Because being a trader, is also being a member of a caste. A world unto itself, dominated, in France, by the specialized schools (which recruit through rigorous exams), Polytechnique (engineers), Centale (engineers Lyon), Ensae (statistics), perhaps Hec or Essec(commerce). And, the best of the brightest, those who hold a master's in probability and finance under the direction of Nadine El-Karoui. The alumni of "El-Karoui", as they refer to each other in this enclave of excellence, are the most sought-after. The most expensive to recruit. The lady mathematician, professor at Polytechnique and Paris-VI, has formed generations of 'quants', quantitative analysts, specialists in those sophisticated products which are the derived products of shares or bonds. Those will join the ranks of Paris traders or better yet those of Wall Street or London, where salaries are highest but where one can easily spot them because at their desks, in spite of the obligatory anglosaxon jargon, the jokes are still in French.

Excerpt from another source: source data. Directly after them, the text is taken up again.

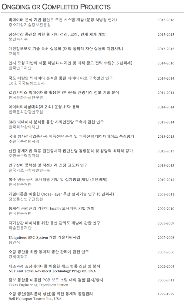 ±¹È¸, º¸°Çº¹ÁöºÎ, ¹Ì·¡Ã¢Á¶°úÇкÎ, ¹®ÈüÀ°°ü±¤ºÎ, ÇàÁ¤ÀÚÄ¡ºÎ, ÇàÁ¤¾ÈÀüºÎ, °¨»ç¿ø, ¹Ì·¡¼ºÀ嵿·ÂÃßÁø´Ü, âÁ¶°æÁ¦ÃßÁø´Ü, Á¤º¸Åë½Å±â¼úÁøÈï¼¾ÅÍ(IITP), Çѱ¹º¸°Ç»ê¾÷ÁøÈï¿ø(KHIDI), Çѱ¹Á¤º¸ÈÁøÈï¿ø(NIA), LX´ëÇÑÁöÀû°ø»ç, ÄÚ·¹ÀÏ, Çѱ¹¹®È°ü±¤¿¬±¸¿ø, ±¹°¡¿¬±¸½Ã¼³ÀåºñÁøÈï¼¾ÅÍ, °æ±âÁß¼Ò±â¾÷û, Áß¼Ò±â¾÷±â¼úÁ¤º¸ÁøÈï¿ø µî¿¡¼ ÀÚ¹®°ú Æò°¡¸¦ ¸Ã´Â µî »êÇÐÇù·Â ¹× Á¤ºÎ °úÁ¦¿Í ºòµ¥ÀÌÅÍ ºÐ¼®, ºñÁî´Ï½º ¾Ö³Î¸®Æ½½º, µ¥ÀÌÅÍ ¸¶ÀÌ´×, ǰÁú°øÇÐ, Åë°èÇÐ, ¸®½ºÅ© ºÐ¼®, ÃÖÀûÈ, ½Ã¹Ä·¹ÀÌ¼Ç °ü·Ã Çмú¿¬±¸¸¦ 15¿© ³â°£ ¼öÇàÇß´Ù. ¼¼°èÀû ¼öÁØÀÇ ¿¬±¸ ¼º°ú¸¦ âÃâÇϱâ À§ÇØ ¹Ì±¹ ´ëÇÐ ¹× µ§¸¶Å© ´ëÇаú MOU¸¦ ü°áÇÏ¿© °øµ¿ ¿¬±¸¸¦ ÁøÇàÇϰí ÀÖ´Ù.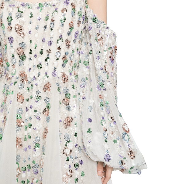 Designer: Saiid Kobeisy Dress type: Sequined Cold-Shoulder Tulle Dress Condition: Worn once Size: Small Purchase Price: 14,890 QAR Selling Price: 12,500 QAR (Negotiable)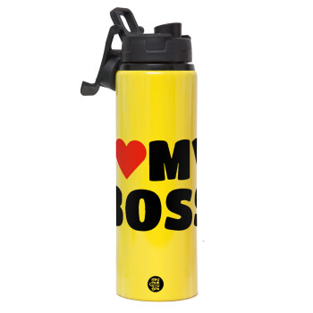 I LOVE MY BOSS, Metallic water bottle with safety lid, 850ml aluminum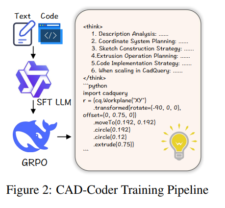 输入是零件文本描述+对应的CadQuery代码 ,经过有监督微调(SFT)的LLM 和GRPO优化策略,让模型学会"有逻辑地生成代码"------生成前会先做"思考":
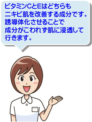 これにより、ビタミンC誘導体とビタミンE誘導体のW力が高まり、ニキビ肌解消へと導きます。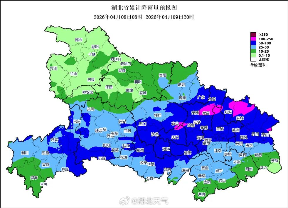 根据气象预报,4月8日至9日白天鄂西南、江汉平原和鄂东北有大雨到暴雨,鄂东北局地大暴雨,鄂东南中雨到大雨、局地暴雨,伴有强对流天气;强对流天气发生时,短时强降水小时雨强20~50毫米,雷暴大风8~11级,局地有冰雹。最强时段为8日傍晚至9日上午。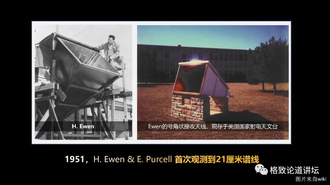 这个也是21厘米谱线的这个发现的历史。很不幸的是,在这之后Ewen和Purcell就没有在射电这个方向继续发展。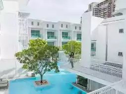 💙Minimalist Pattaya hotel, mini-hearted, emphasizing blue and white tones.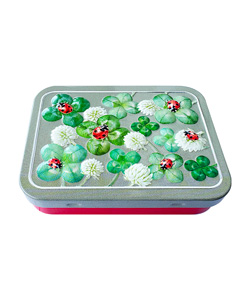 四つ葉のクローバーとテントウムシをあしらった、爽やかな印象のミニ缶。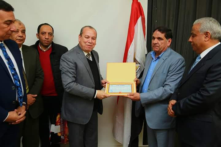 محافظ كفرالشيخ يكرم رئيس مدينة الرياض لبلوغه السن القانونية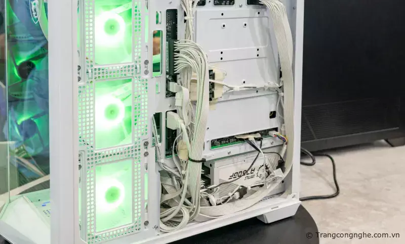 Dự án Project Zero của MSI mang đặc điểm đặc biệt khi tất cả các chân cắm nguồn và cổng kết nối được đặt phía sau, cho phép chúng ta đi dây ra phía sau và tạo nên một tổng thể hài hòa và thẩm mỹ trong quá trình ráp máy. Tuy nhiên, để tận dụng tính năng này, cần có một mẫu thùng máy tính được thiết kế đặc biệt để hỗ trợ Project Zero và cung cấp không gian trống phía sau cho việc đi dây.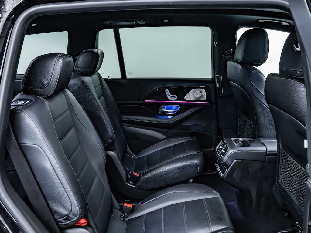 Third Row Seat, Navigation, Full-Time 4MATIC® All-Wheel, Power Liftgate, Heated Driver Seat, Cooled Driver Seat, Back-Up Camera, Turbocharged, Premium Sound System, Satellite Radio, iPod/MP3 Input, Onboard Communications System, Aluminum Wheels, Keyless Start, Hands-Free Liftgate. Rear Spoiler, MP3 Player, Remote Trunk Release, Privacy Glass, Keyless Entry.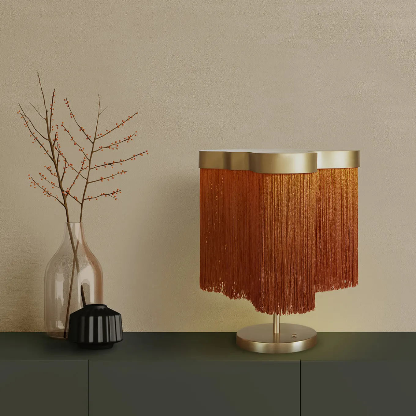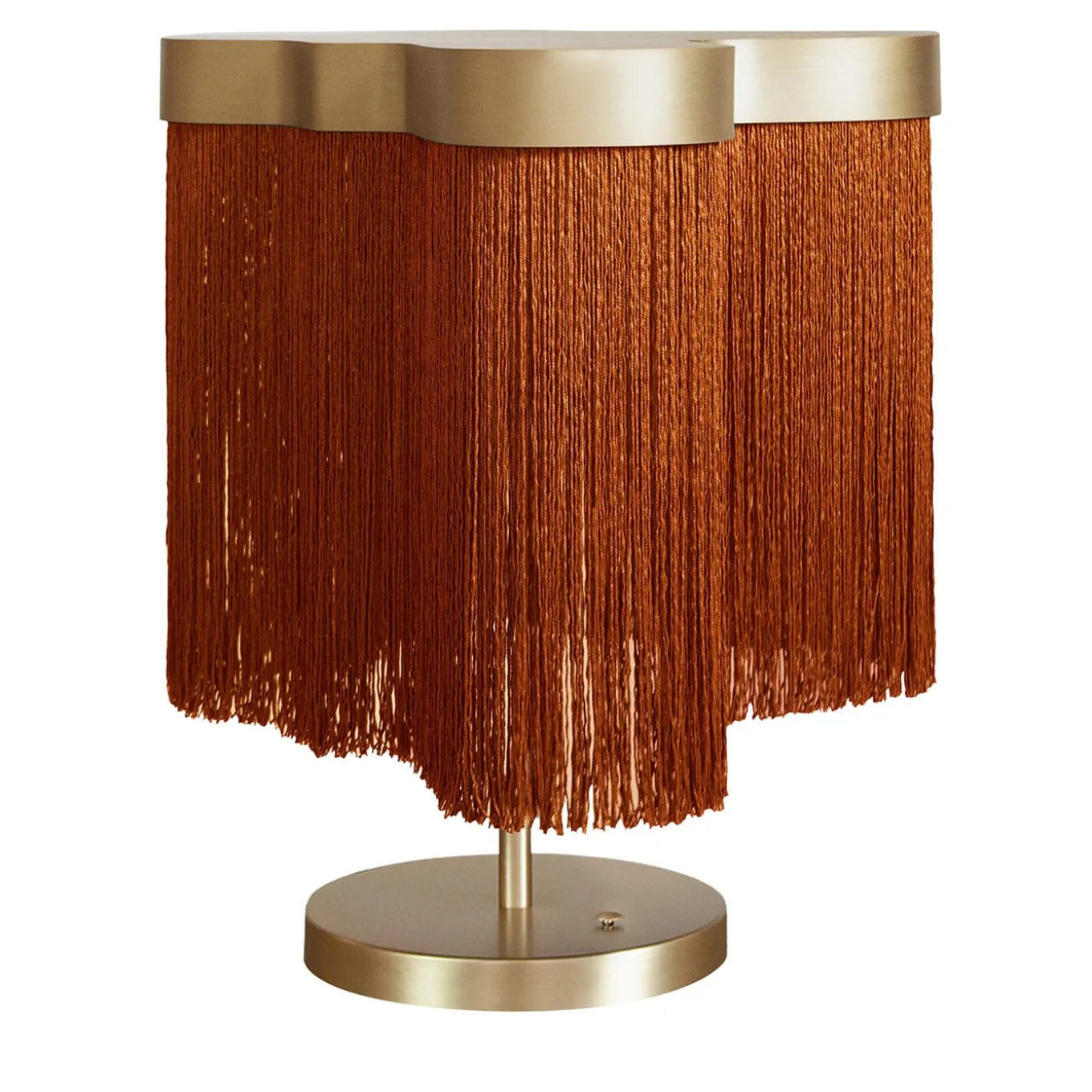 Questa lampada da tavolo, dal design straordinariamente glamour con frange, è una soluzione intelligente per accentuare gli ambienti contemporanei con un pizzico di allure fantasiosa. Le frange color ruggine – che scendono da un elemento superiore sinuoso i cui contorni irregolari sono giocosamente ispirati agli arcipelaghi – filtrano la luce in un bagliore soffuso che contribuisce a valorizzare la delicata finitura in ottone satinato della struttura.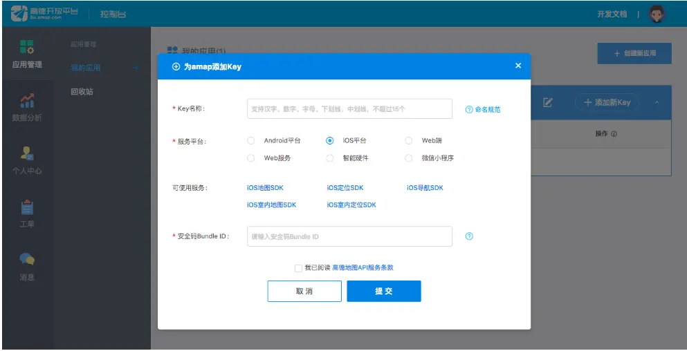 在创建的应用上点击添加新Key,在弹出的对话框中填写相应的资料。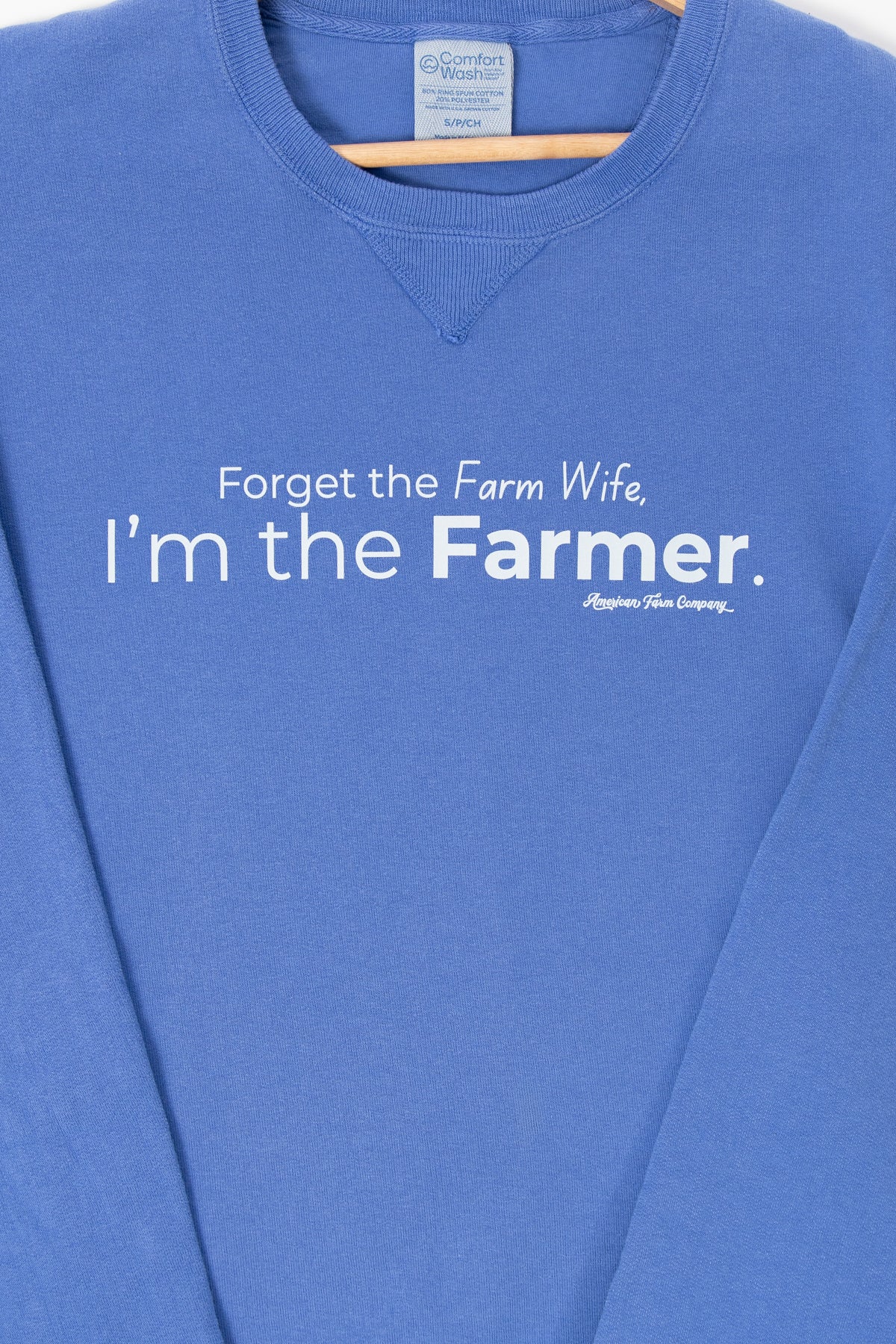 Forget the farm wife—you're the one running the show. This crewneck tee flips the script with a bold, tongue-in-cheek message that celebrates who's really in charge. Crafted from soft Comfort Wash fabric in a vibrant blue shade, it's built for durability through long days in the field or around town. Relaxed fit, quality construction, and a statement that speaks for itself.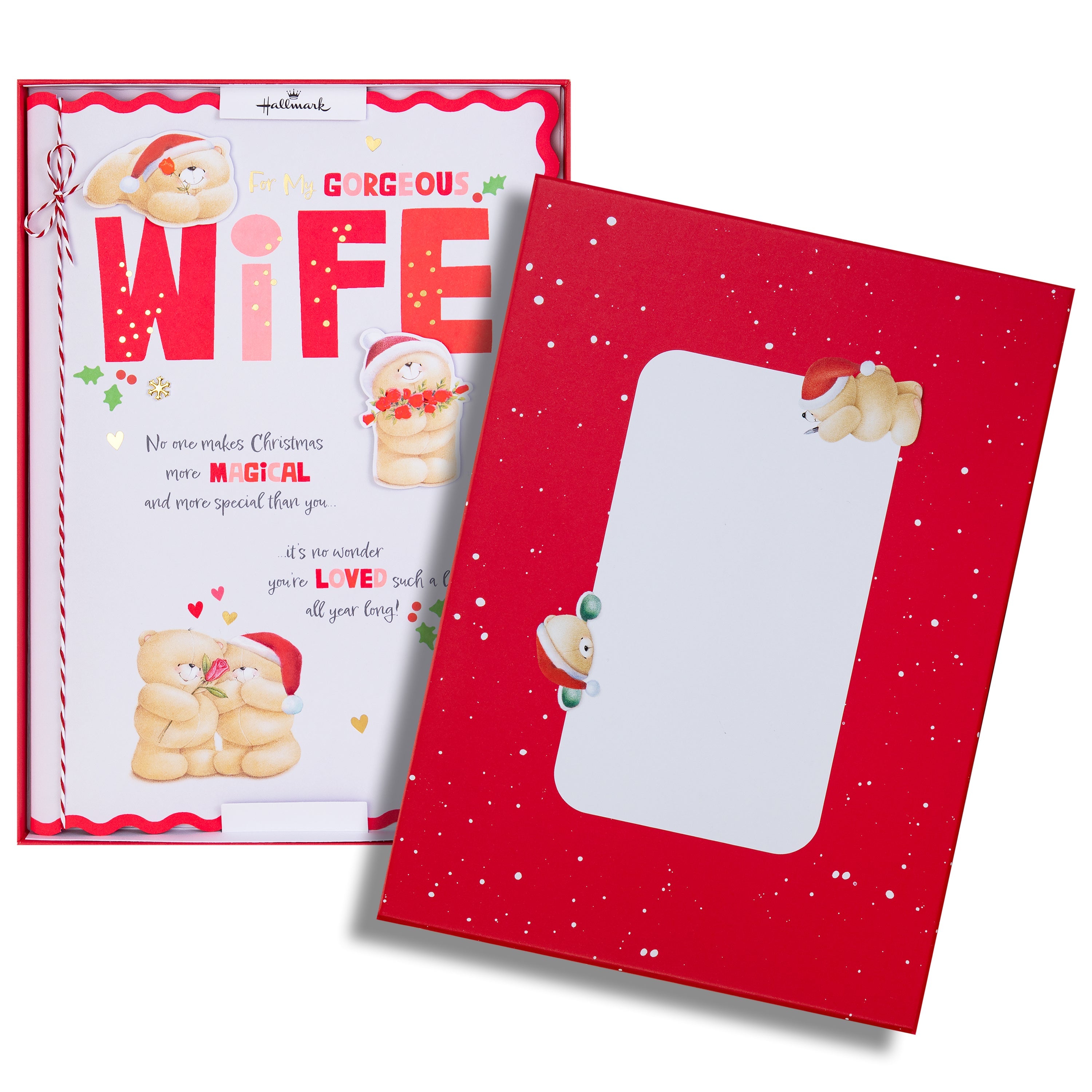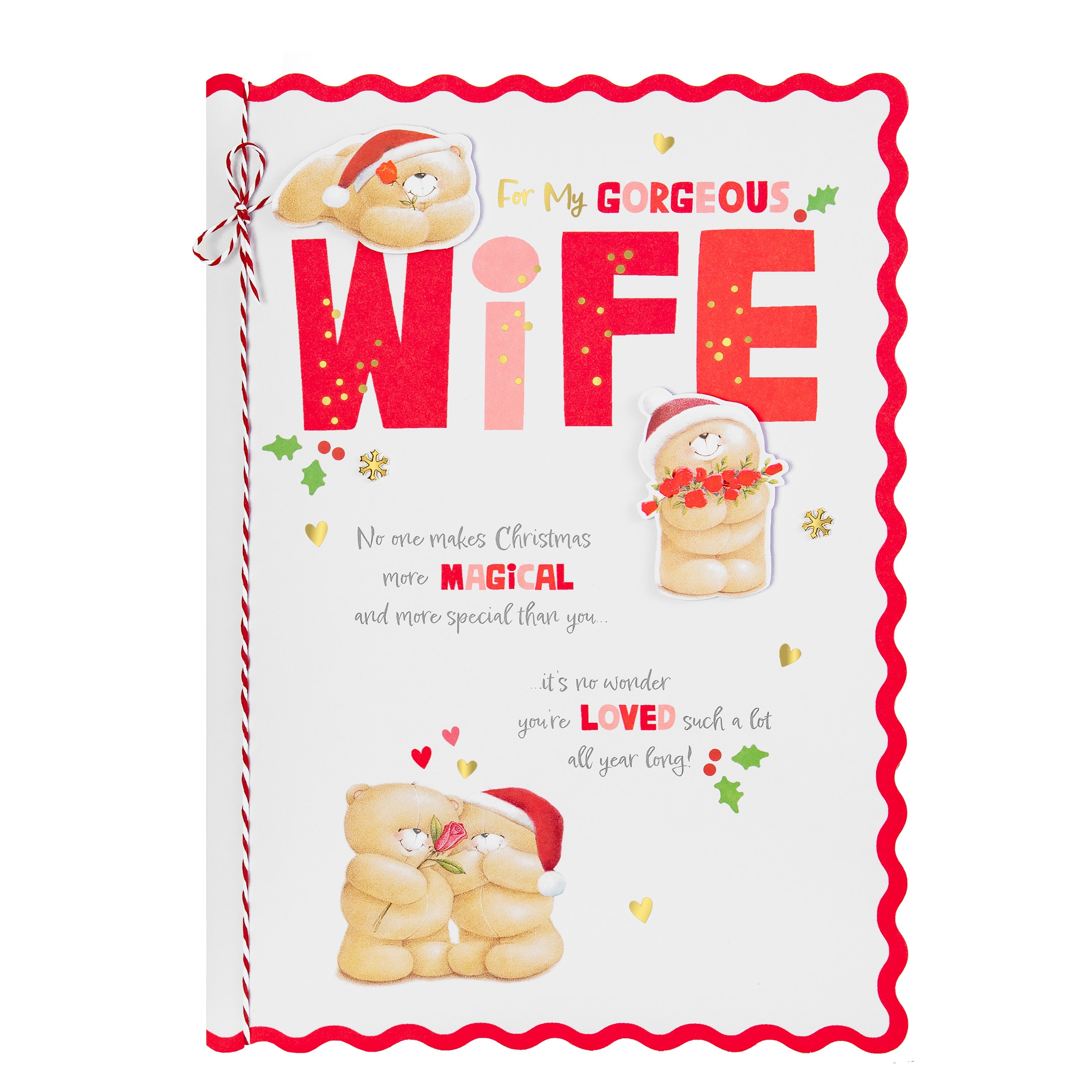 Give your gorgeous wife another reason to smile this Christmas with this adorable Forever Friends Luxury Boxed Christmas Card. Printed on high-quality board with die-cut scalloped edging, this lovely card features bold lettering and the Forever Friends bear in various cute poses alongside a 4-page paper insert, with heartfelt seasonal message, 3D effect attachments, gold foil details, a gold-foiled snowflake paper 'gem' and a red and white twine attachment, and comes complete with a co-ordinating bright red, presentation box.

Young and rich, it is sometimes difficult for them to keep a cool head. Of course, they can afford what they want,with luxury cars and wine cellars bought more often for the value than out of true taste or the product. But the true danger they have to face is on the floor itself. 'The traders who stay the course are those who know how to be reasonable', tells us Alexander Capez,'and go through fire without getting their wings burnt.' Taking a profit when it is time to do so. 'And keeping in mind', adds Philippe P.,'that the pleasure of winning is often less strong than the suffering of loosing.' In short, being able to resist a too promising transaction which can bring about disaster.



One hears legends, in trading rooms, of suicide traders who had their positions "cut off" by their bosses. 'At heart, to be a good trader one has to have gone through a krach and know one doesn't want to live through that again', jokes Bruno Petit, an ex-trader who has turned screen-writer for the television series "Scalp", which describes the Stock Market during the first Gulf War. It is not uncommon for traders to refer to each other as "survivors".



All the major banks know, the true danger is the excitement in front of these gigantic operations by the numbers involved and dematerialized by a wholly computerized system. They have psychologists on hiring boards as well as controllers meant to oversee transactions. But a room manager, whose own bonus depends on the performance of his team, can always ignore the advice of the Human Ressources Department if he wants to hire the best. And controllers are often despised.



In highly hierarchical operations rooms, where teams of Poly graduates might snob the centralists on the next desk, the "back office" meant to ask for explanations to traders and "front" vendors is easily mocked. Less well payed, considered underlings, controllers often have trouble understanding the complexity of transactions engaged in by the mathematically-gifted denizens of the "front office" who even refer to them as 'the broken arms'.



Thus the lords of finance pursue their lives on their own. Far, even, from bankers themselves, who tend to ignore the trading room. Later, when, having past 30, they will have survived the various crisis, they will invest their gains in wineries, or, more often in hedge funds. Just to keep the adrenaline going, although they could just as easily retire.